--- GOAL OF THE EXERCISE ---
Your copy of the entries below should hold exactly the lines from the one containing "14K White Gold" to the one containing "- For cleaning", inclusive, and no pictures.

### SOURCE MATERIAL ###

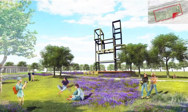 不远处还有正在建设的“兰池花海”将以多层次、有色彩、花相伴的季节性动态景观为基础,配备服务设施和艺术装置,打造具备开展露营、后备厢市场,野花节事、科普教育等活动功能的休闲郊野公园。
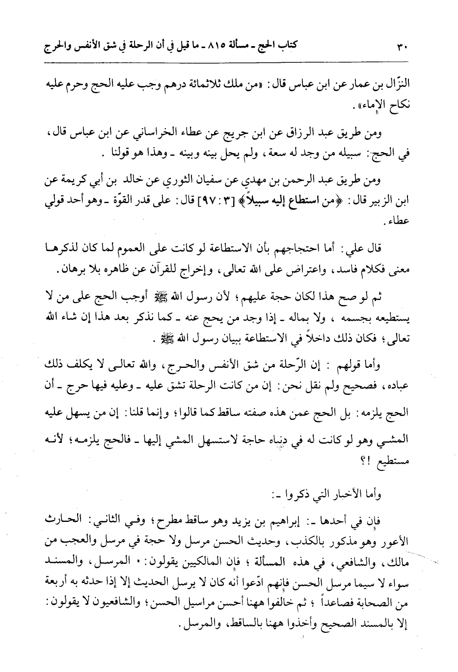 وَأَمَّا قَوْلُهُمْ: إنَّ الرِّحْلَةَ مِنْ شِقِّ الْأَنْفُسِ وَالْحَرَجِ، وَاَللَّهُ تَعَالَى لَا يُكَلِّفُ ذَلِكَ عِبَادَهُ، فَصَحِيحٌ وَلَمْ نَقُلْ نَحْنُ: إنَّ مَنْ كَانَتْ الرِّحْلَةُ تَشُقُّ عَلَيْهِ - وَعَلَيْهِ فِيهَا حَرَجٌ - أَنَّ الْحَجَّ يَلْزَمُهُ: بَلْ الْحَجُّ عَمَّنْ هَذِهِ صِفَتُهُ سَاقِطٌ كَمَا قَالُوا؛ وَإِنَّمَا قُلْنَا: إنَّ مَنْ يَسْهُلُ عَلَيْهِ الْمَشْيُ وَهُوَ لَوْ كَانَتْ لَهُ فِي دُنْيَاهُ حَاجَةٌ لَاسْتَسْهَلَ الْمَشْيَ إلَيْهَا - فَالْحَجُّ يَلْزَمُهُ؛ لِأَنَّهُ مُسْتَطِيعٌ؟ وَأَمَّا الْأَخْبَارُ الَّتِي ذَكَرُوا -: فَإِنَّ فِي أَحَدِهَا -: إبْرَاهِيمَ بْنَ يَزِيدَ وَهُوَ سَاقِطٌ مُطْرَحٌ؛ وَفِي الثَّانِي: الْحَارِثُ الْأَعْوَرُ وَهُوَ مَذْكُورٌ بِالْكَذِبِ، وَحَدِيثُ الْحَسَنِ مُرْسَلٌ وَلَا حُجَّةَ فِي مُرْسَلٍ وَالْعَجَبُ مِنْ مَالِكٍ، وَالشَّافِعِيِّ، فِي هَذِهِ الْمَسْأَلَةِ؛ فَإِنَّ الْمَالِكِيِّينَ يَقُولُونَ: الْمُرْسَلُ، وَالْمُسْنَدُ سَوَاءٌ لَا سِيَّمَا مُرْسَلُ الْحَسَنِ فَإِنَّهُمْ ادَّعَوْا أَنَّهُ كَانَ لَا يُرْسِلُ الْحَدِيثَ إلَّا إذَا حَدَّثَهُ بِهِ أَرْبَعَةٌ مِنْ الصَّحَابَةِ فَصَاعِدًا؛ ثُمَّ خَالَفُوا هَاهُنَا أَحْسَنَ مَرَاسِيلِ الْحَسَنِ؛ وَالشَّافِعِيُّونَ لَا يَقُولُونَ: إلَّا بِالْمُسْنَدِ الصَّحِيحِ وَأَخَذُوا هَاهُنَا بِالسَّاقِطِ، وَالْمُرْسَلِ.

###
### SOURCE MATERIAL ###

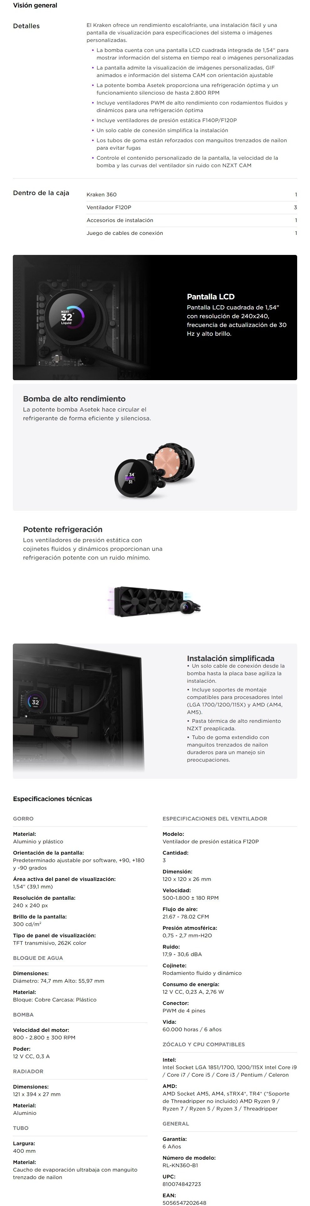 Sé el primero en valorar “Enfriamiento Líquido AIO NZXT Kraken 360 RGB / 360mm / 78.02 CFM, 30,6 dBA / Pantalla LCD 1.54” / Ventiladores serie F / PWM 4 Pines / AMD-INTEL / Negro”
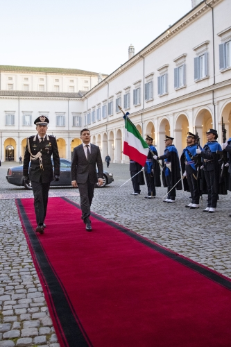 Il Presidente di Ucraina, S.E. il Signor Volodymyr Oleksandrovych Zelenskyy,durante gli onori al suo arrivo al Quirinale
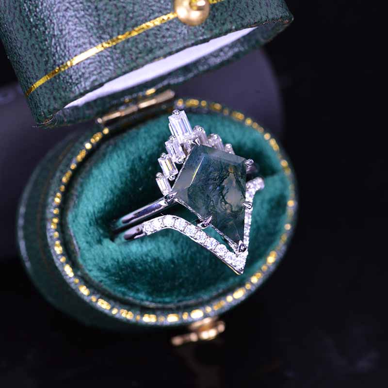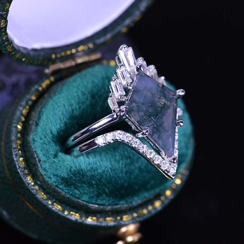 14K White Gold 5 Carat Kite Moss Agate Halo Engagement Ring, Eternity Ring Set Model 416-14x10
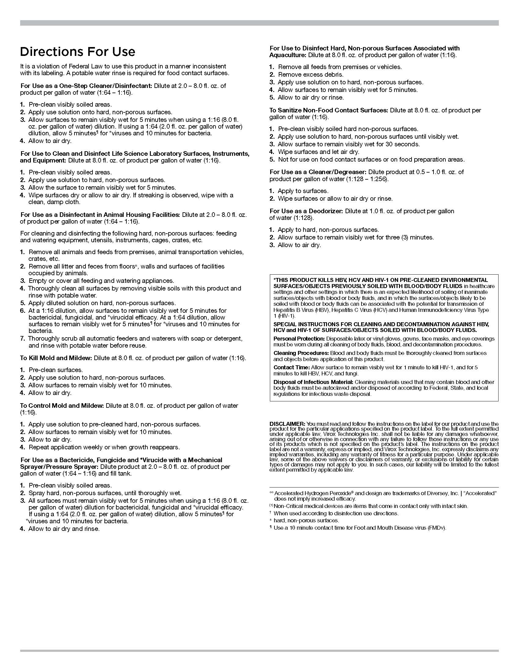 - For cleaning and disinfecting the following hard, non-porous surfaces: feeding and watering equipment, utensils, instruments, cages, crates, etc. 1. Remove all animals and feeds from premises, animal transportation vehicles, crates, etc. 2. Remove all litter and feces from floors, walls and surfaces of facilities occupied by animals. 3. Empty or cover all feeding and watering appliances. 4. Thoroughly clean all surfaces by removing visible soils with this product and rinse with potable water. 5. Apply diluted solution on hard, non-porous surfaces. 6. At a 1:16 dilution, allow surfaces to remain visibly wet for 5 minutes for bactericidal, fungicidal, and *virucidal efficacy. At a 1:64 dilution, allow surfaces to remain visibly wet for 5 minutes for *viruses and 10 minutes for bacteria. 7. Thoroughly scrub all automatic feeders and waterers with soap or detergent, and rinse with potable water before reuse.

###
### SOURCE MATERIAL ###

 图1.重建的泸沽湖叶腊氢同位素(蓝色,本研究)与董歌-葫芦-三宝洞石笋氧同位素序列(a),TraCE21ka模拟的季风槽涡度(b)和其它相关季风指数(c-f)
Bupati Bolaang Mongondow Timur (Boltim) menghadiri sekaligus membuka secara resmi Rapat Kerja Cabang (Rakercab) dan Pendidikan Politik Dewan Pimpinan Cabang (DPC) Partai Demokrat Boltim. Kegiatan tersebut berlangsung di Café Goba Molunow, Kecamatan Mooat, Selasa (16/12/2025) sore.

###

--- TASK OUTPUT ---
 14K White Gold 5 Carat Kite Moss Agate Halo Engagement Ring, Eternity Ring Set Model 416-14x10
 - For cleaning and disinfecting the following hard, non-porous surfaces: feeding and watering equipment, utensils, instruments, cages, crates, etc. 1. Remove all animals and feeds from premises, animal transportation vehicles, crates, etc. 2. Remove all litter and feces from floors, walls and surfaces of facilities occupied by animals. 3. Empty or cover all feeding and watering appliances. 4. Thoroughly clean all surfaces by removing visible soils with this product and rinse with potable water. 5. Apply diluted solution on hard, non-porous surfaces. 6. At a 1:16 dilution, allow surfaces to remain visibly wet for 5 minutes for bactericidal, fungicidal, and *virucidal efficacy. At a 1:64 dilution, allow surfaces to remain visibly wet for 5 minutes for *viruses and 10 minutes for bacteria. 7. Thoroughly scrub all automatic feeders and waterers with soap or detergent, and rinse with potable water before reuse.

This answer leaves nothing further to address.